PROBLEM: Write the data out in full and word for word. Do not include images.

DATASET SECTION:
◇ ◇ ◇ ◇ ◇ ◇ ◇

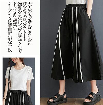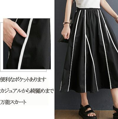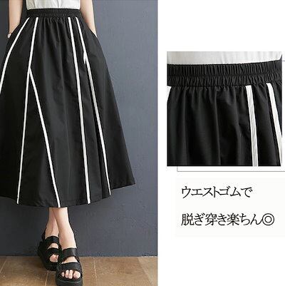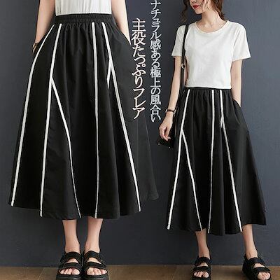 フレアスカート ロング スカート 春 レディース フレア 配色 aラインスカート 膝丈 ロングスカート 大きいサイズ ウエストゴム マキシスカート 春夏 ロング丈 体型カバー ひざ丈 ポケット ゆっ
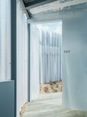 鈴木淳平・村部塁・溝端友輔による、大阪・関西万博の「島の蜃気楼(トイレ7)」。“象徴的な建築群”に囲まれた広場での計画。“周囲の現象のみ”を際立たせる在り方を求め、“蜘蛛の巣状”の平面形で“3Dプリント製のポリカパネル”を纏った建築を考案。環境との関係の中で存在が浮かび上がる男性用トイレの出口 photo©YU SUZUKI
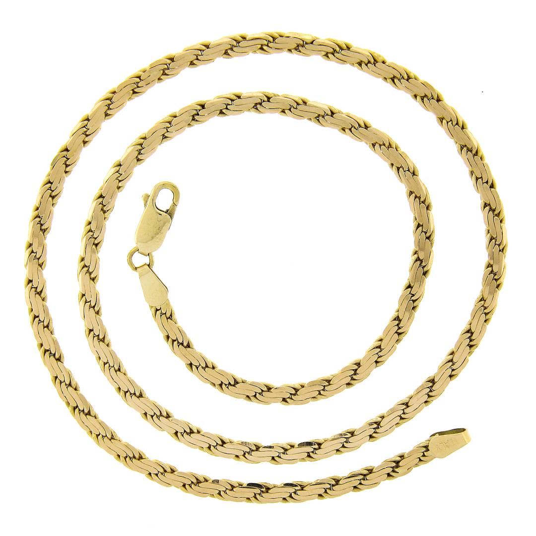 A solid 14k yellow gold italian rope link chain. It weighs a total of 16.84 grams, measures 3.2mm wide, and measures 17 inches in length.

◇ ◇ ◇ ◇ ◇ ◇ ◇

PROBLEM SOLUTION:
 フレアスカート ロング スカート 春 レディース フレア 配色 aラインスカート 膝丈 ロングスカート 大きいサイズ ウエストゴム マキシスカート 春夏 ロング丈 体型カバー ひざ丈 ポケット ゆっ
 鈴木淳平・村部塁・溝端友輔による、大阪・関西万博の「島の蜃気楼(トイレ7)」。“象徴的な建築群”に囲まれた広場での計画。“周囲の現象のみ”を際立たせる在り方を求め、“蜘蛛の巣状”の平面形で“3Dプリント製のポリカパネル”を纏った建築を考案。環境との関係の中で存在が浮かび上がる男性用トイレの出口 photo©YU SUZUKI
 A solid 14k yellow gold italian rope link chain. It weighs a total of 16.84 grams, measures 3.2mm wide, and measures 17 inches in length.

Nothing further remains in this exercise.